About a month ago Salesloft’s product experience team had an offsite. Which is usually part planning, part discussion and part activity. The activity for this offsite was a startup pitch competition.
First we came up with ideas individually and then were broken out into small groups. Within our group had to decide who had the best idea and develop a pitch around it. While I thought my clothing vending machine idea might have legs, Micah’s armored drone service was more outlandish and interesting. And so that’s what we decided on, armored drones to transport valuables.

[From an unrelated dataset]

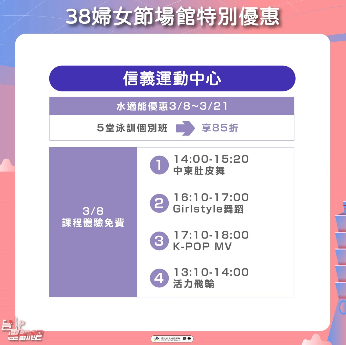 【記者許皓婷/台北報導】歡慶一年一度國際婦女節,台北市體育局宣布,3月8日推出專屬運動優惠,台北市各運動中心、永春活力館、三民公園游泳池、榮星花園游泳池及網球中心健身房,享單次使用健身房或游泳池僅38元的優惠價,各中心也分別祭出女性專屬課程優惠。

We spent most of the remaining time talking about what a future might need to look like for a business like this to flourish. Probably an organized, but low-trust, high-crime environment. It was an interesting conversation. The problem was that we only had 30 minutes to discuss and put together a mini pitch deck. We had spent 25 of those chatting with no sort of deck.
This was technically a hardware startup. So I figured we needed some sort of prototype to show. Short on time I had an idea. Could we use one of those AI generators to design our drone prototype?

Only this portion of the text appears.